Some sleep medications aren't appropriate for older adults because they increase daytime sleepiness and the risk for falls and fractures, which is especially true if the drug is long-acting (meaning that it remains in the body and brain longer). Even though a person takes the medicine at bedtime, the medicine may still be affecting the person the next morning or afternoon. If an older person who takes one of these medications needs to use the toilet in the middle of the night, his or her coordination may be impaired, which can lead to falls. Ask your doctor for guidance in choosing an appropriate OTC or prescription sleep aid, depending on your own medical history.

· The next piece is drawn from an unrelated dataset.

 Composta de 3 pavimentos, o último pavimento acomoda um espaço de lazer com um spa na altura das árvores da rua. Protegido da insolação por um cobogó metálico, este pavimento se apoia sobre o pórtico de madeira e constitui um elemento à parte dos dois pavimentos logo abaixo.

In addition, neurological conditions such as Parkinson's disease, Alzheimer's disease, and some forms of dementia can cause sleep disruptions. Older people are also more likely to take a prescription drug or combination of drugs that may cause sleeplessness. They also experience a higher incidence of depression and other emotional problems that may contribute to insomnia.

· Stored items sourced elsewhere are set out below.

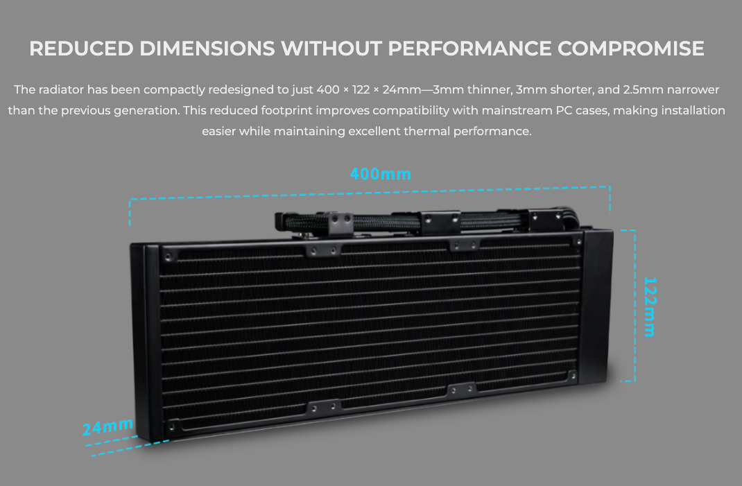 - ASUS ROG Ryujin IV Radiator Dimension: 394 x 140 x 32 mm
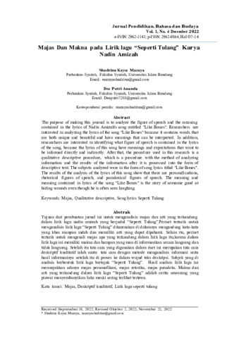 Tujuan dari pembuatan jurnal ini untuk menganalisis majas dan arti yang terkandung dalam lirik lagu nadin amizah yang berjudul “Seperti Tulang”.Periset tertarik untuk menganalisis lirik lagu “Seperti Tulang” dikarenakan di dalamnya mengandung kata-kata yang khas maupun indah dan memiliki arti yang dapat dipahami. Selain itu, periset tertarik untuk mengenali majas apa yang terkandung dalam lirik lagu itu,karena dalam lirik lagu ini memiliki makna dan harapan yang mau di informasikan secara langsung dan tidak langsung. Setelah itu tata cara yang digunakan dalam riset ini merupakan tata cara deskriptif kualitatif ialah suatu tata cara dengan metode menganalisis informasi serta hasil informasinya setelah itu di proses ke dalam wujud teks deskripsi. Subjek yang di analisis berbentuk lirik lagu bertajuk “Seperti Tulang”. Hasil analisis lirik lagu ini menunjukkan adanya majas personafikasi, majas retorika, majas paradoks. Makna dan arti yang terkandung dalam lirik lagu “Seperti Tulang” adalah cerita seseorang yang piawai menyembunyikan luka meski sering terlihat tertawa.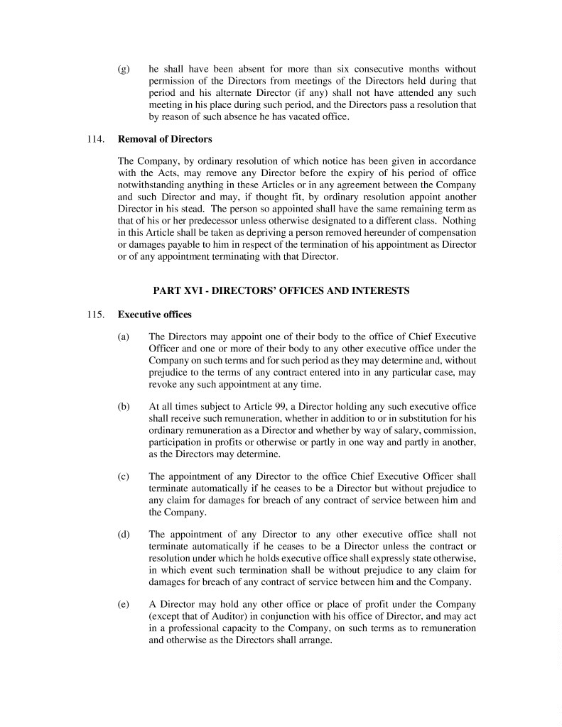 (g) he shall have been absent for more than six consecutive months without permission of the Directors from meetings of the Directors held during that period and his alternate Director (if any) shall not have attended any such meeting in his place during such period, and the Directors pass a resolution that by reason of such absence he has vacated office. 114. Removal of Directors The Company, by ordinary resolution of which notice has been given in accordance with the Acts, may remove any Director before the expiry of his period of office notwithstanding anything in these Articles or in any agreement between the Company and such Director and may, if thought fit, by ordinary resolution appoint another Director in his stead. The person so appointed shall have the same remaining term as that of his or her predecessor unless otherwise designated to a different class. Nothing in this Article shall be taken as depriving a person removed hereunder of compensation or damages payable to him in respect of the termination of his appointment as Director or of any appointment terminating with that Director. PART XVI - DIRECTORS’ OFFICES AND INTERESTS 115. Executive offices (a) The Directors may appoint one of their body to the office of Chief Executive Officer and one or more of their body to any other executive office under the Company on such terms and for such period as they may determine and, without prejudice to the terms of any contract entered into in any particular case, may revoke any such appointment at any time. (b) At all times subject to Article 99, a Director holding any such executive office shall receive such remuneration, whether in addition to or in substitution for his ordinary remuneration as a Director and whether by way of salary, commission, participation in profits or otherwise or partly in one way and partly in another, as the Directors may determine. (c) The appointment of any Director to the office Chief Executive Officer shall terminate automatically if he ceases to be a Director but without prejudice to any claim for damages for breach of any contract of service between him and the Company. (d) The appointment of any Director to any other executive office shall not terminate automatically if he ceases to be a Director unless the contract or resolution under which he holds executive office shall expressly state otherwise, in which event such termination shall be without prejudice to any claim for damages for breach of any contract of service between him and the Company. (e) A Director may hold any other office or place of profit under the Company (except that of Auditor) in conjunction with his office of Director, and may act in a professional capacity to the Company, on such terms as to remuneration and otherwise as the Directors shall arrange.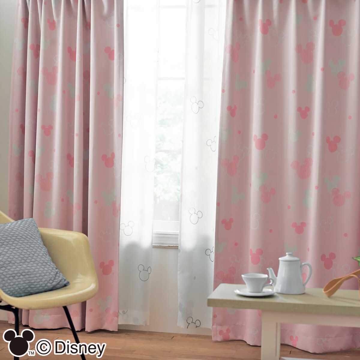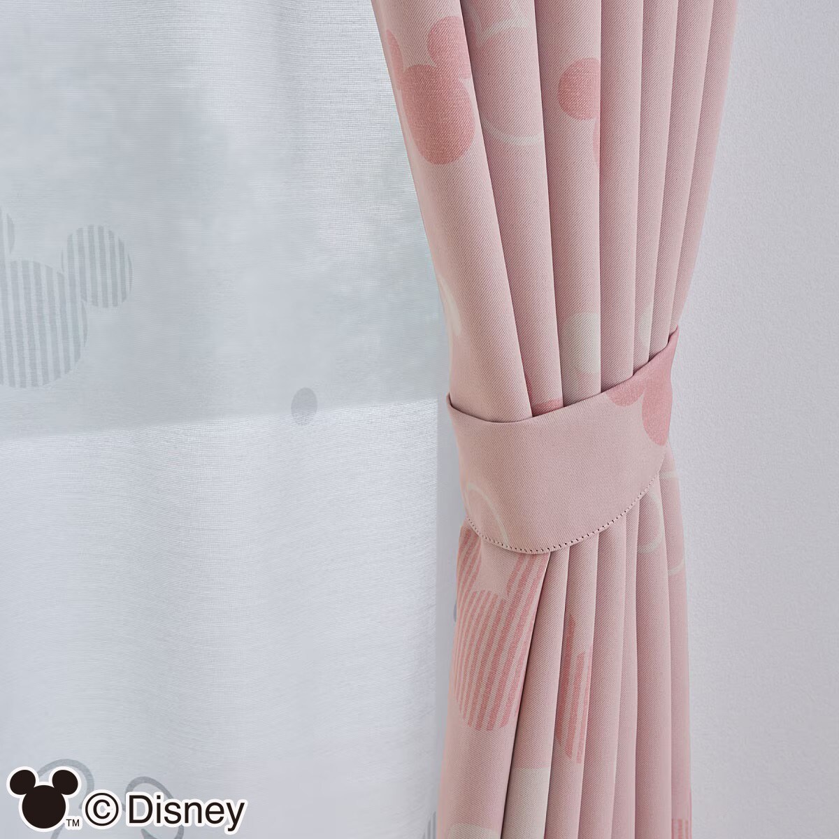 ピンクおしゃれなミッキーモチーフの遮光カーテンです。

Just because you're growing older, you don't have to live with poor sleep. Consult your doctor. Many effective treatments are available that can help you get back to sleeping better and longer.

According to the National Sleep Foundation's 2000 Sleep in America poll, a real disconnect exists between patients and their doctors concerning sleep problems, particularly insomnia. Although 62 percent of American adults reported they experience sleep problems at least a few nights a week, and 58 percent said they suffer from insomnia, physicians taking the same poll reported that only 16 percent of their patients suffer from a sleep disorder, and just 14 percent have insomnia. Physicians also said they don't consider the diagnosis and treatment of insomnia as an urgent health problem.

Insomnia and depression

Insomnia is so much a part of "the blues" that problems with sleep are actually described as one of the major identifying symptoms for diagnosing depression. In fact, more than 90 percent of all patients with depression report that they have difficulty falling asleep, staying asleep, or both. The problem is particularly severe for patients with recurring depression.

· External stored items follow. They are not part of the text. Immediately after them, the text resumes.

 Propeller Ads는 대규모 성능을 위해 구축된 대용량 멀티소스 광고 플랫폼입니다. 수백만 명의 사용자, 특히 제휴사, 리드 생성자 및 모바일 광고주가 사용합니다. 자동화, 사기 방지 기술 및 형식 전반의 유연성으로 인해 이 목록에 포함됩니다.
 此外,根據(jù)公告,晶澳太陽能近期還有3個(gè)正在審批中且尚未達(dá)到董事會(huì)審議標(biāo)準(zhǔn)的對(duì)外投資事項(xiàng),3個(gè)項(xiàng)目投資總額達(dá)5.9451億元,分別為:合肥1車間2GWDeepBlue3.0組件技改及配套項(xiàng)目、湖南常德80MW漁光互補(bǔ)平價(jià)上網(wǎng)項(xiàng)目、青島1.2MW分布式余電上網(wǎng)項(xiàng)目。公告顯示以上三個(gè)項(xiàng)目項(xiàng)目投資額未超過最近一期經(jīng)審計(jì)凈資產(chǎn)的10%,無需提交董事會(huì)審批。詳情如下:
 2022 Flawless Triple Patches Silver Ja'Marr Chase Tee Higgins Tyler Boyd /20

Early identification and treatment of insomnia in a depressed patient is important. Proper treatment not only helps the insomnia, but resolving sleep problems also seems to help patients do a better job of sticking with their treatment plans. Alleviating insomnia also improves overall functioning and performance for depressed patients.

Tell your doctor if you're depressed and having trouble sleeping. You should avoid certain popular antidepressants, including some of the selective serotonin reuptake inhibitors (SSRIs) and serotonin-norepinephrine reuptake inhibitors (SNRIs). They stimulate serotonin receptors in the brain and change sleep patterns, producing insomnia. However, antidepressants like mirtazapine and nefazodone that block the stimulation of serotonin receptors actually help people with depression get to sleep more quickly, and sleep better and longer.